The crisis may be getting fully understood by officials who wish to curb it, Vail thinks. The number of heroin and opioid-related deaths has increased every year since 2003, but data Vail has suggested the trend could finally have a lower rate of fatalities, compared to 2016.
Vail said she thinks both doctors and patients are also understanding the dangers of prescription painkillers, and the doors they can open to addiction.

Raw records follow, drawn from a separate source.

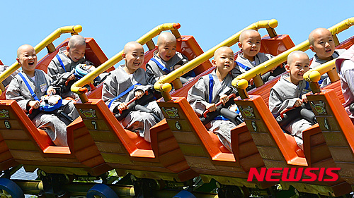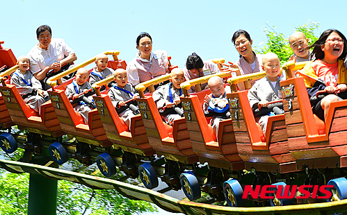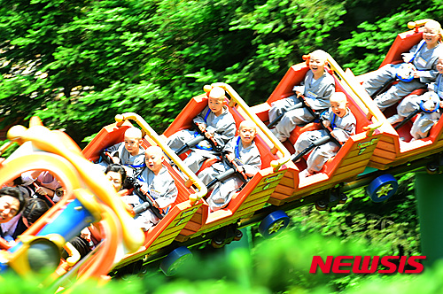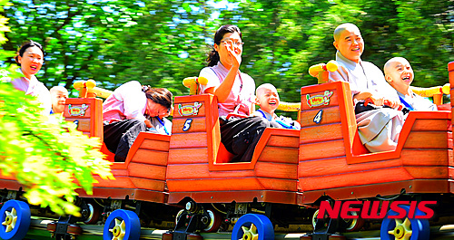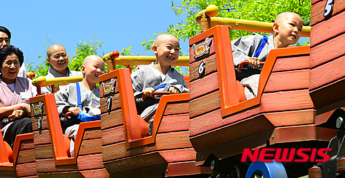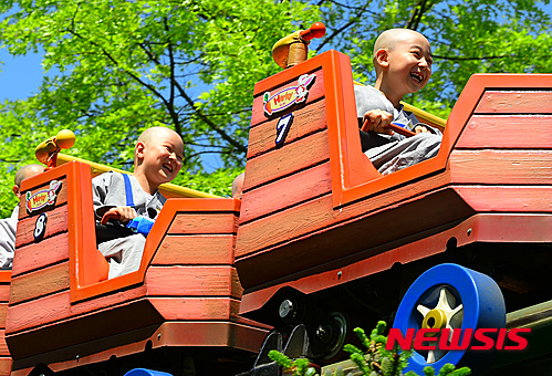 釈迦(しゃか)の誕生日(旧暦4月8日、今年は5月25日)を控え、短期出家した子ども僧たちが21日午前、京畿道竜仁市のエバーランドでアトラクションに乗るなどして楽しいひとときを過ごした。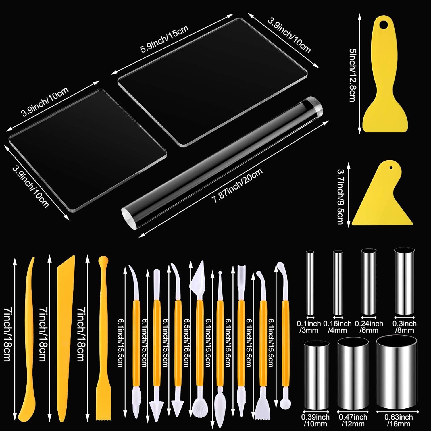 - Specific Contents: 24 pieces clay sculpting tool kits, including 1 acrylic clay roller, 2 acrylic sheets, 2 plastic scraper backing boards, 7 stainless steel round circle shape cutters, 12 polymer clay shaping and sculpting tools, nice combinations to meet your different DIY purposes; Warmly noted: in order to protect our acrylic sheets, there are 2 protective films on the surface of acrylic sheets, which can be torn before use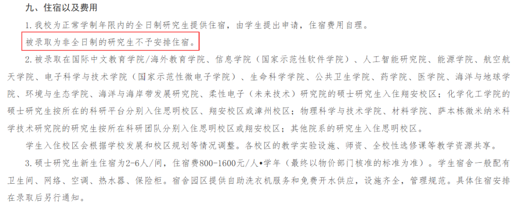 该校为全日制非定向学术学位硕士研究生在学制内提供住宿,全日制非定向专业学位硕士研究生提供第一年校内住宿;后续由各院系和实习实践单位协调解决。除专项计划外,全日制定向研究生不提供校内住宿。非全日制研究生不提供校内住宿。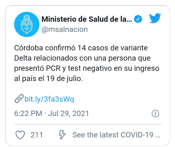La directora de epidemiología de la provincia, Laura López, dijo a medios locales que se debieron aislar “cinco burbujas” escolares por prevención por los hijos del hombre que ingresó la variante Delta a la ciudad de Córdoba”.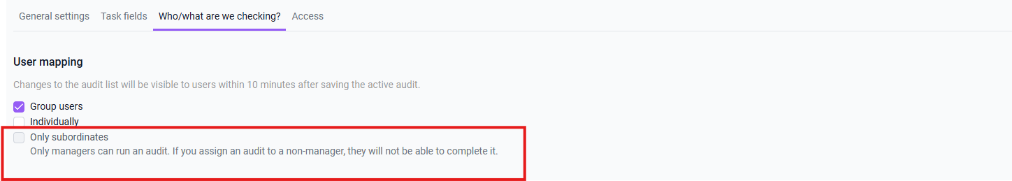 When the Only subordinates function is enabled, the checkboxes for selecting audit objects by group and individually become unavailable.

“Expecting to be pain-free in situations you just can’t expect to be pain-free,” Vail said. “Can you really expect to take opioids to expect to be pain-free in situations where pain-free just isn’t an option.”
Phil said since his time at FAN, he’s seen a dramatic change in rehab and detox facilities. The use of Medicated-Assisted Therapy to use milder opioids like Methadone to gradually decrease the tolerance to opioids and lessen the symptoms of withdrawal is becoming a standard practice.
Medical professionals are becoming more transparent and hands-on with after-care facilities and following up with patients, according to Phil.
Though the crisis is still a long time from being solved completely, Phil said things are much better than they were when Eric lost his battle to addiction. Maybe one day, there will be an end to the crisis.
“I tell addicts if they’re really serious about their recovery, sign release forms and don’t lie to the people who are trying to help you,” Phil said. “Neighbors don’t need to know what’s going on, but if you have people in your life that love you, they have to know what’s going on.”